## Task statement
Without the pictures, can you quote each line below exactly?

Collected data entries:
——————

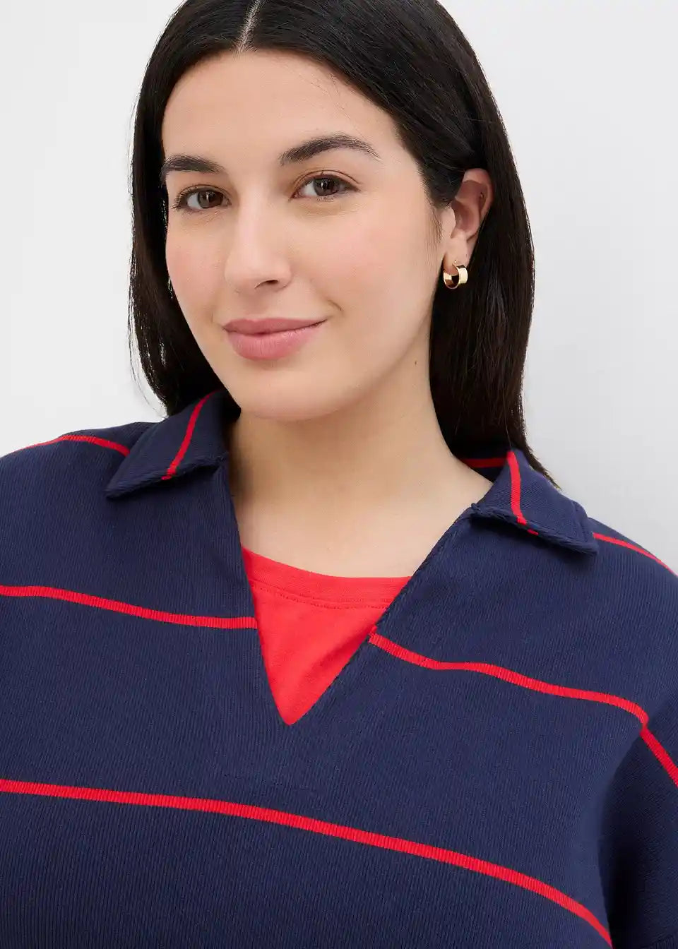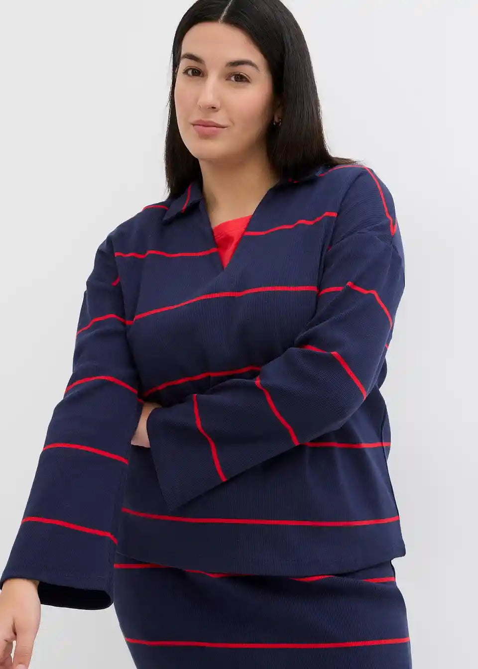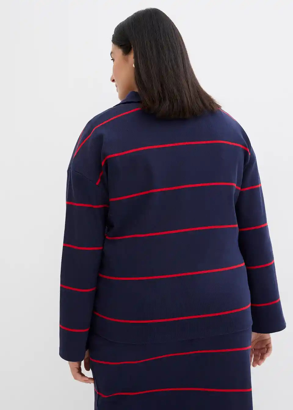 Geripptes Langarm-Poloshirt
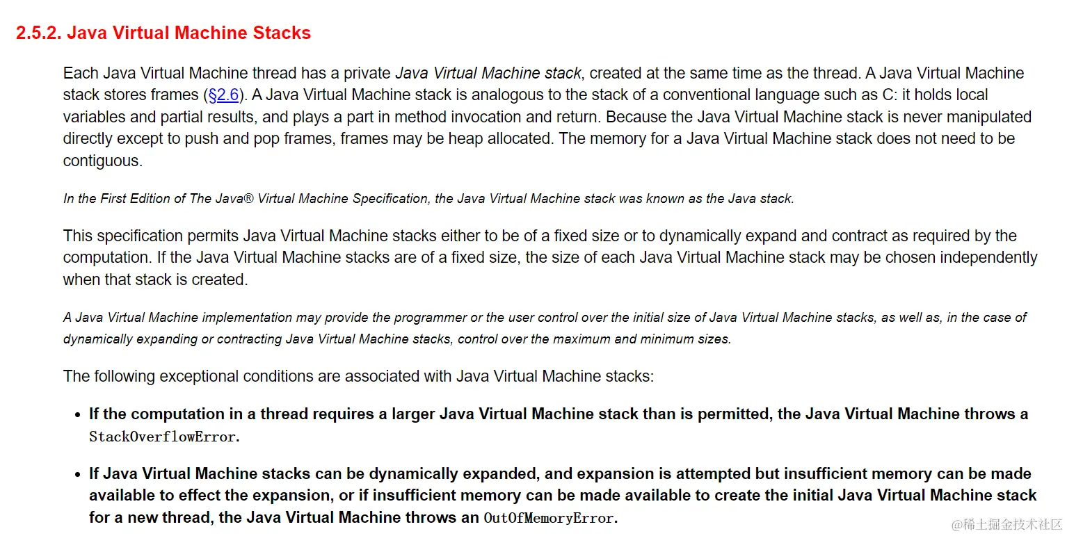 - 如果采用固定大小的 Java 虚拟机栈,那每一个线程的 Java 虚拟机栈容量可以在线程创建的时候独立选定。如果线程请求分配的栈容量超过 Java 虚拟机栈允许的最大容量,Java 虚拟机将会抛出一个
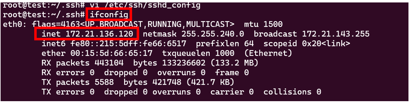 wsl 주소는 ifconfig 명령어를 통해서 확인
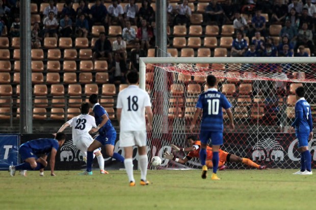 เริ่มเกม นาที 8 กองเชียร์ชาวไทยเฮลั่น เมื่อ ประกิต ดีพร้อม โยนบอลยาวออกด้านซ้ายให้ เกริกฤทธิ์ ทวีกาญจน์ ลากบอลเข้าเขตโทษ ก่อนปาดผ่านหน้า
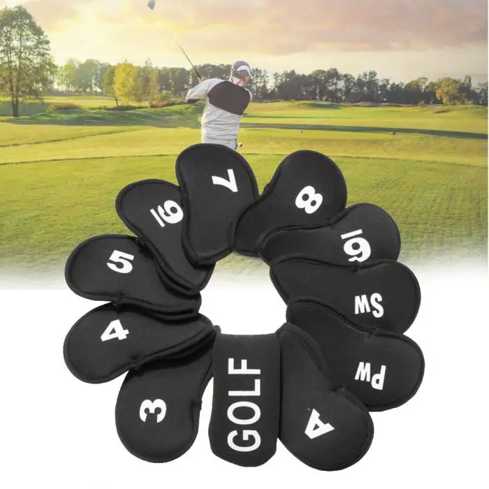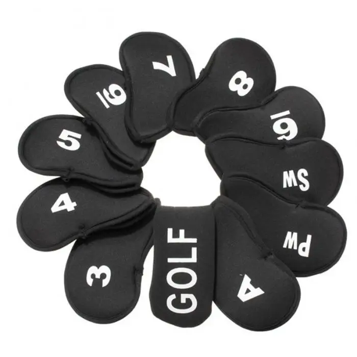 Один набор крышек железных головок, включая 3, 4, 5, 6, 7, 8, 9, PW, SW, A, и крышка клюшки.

——————

## Completed exercise
 Geripptes Langarm-Poloshirt
 - 如果采用固定大小的 Java 虚拟机栈,那每一个线程的 Java 虚拟机栈容量可以在线程创建的时候独立选定。如果线程请求分配的栈容量超过 Java 虚拟机栈允许的最大容量,Java 虚拟机将会抛出一个
 wsl 주소는 ifconfig 명령어를 통해서 확인
 เริ่มเกม นาที 8 กองเชียร์ชาวไทยเฮลั่น เมื่อ ประกิต ดีพร้อม โยนบอลยาวออกด้านซ้ายให้ เกริกฤทธิ์ ทวีกาญจน์ ลากบอลเข้าเขตโทษ ก่อนปาดผ่านหน้า
 Один набор крышек железных головок, включая 3, 4, 5, 6, 7, 8, 9, PW, SW, A, и крышка клюшки.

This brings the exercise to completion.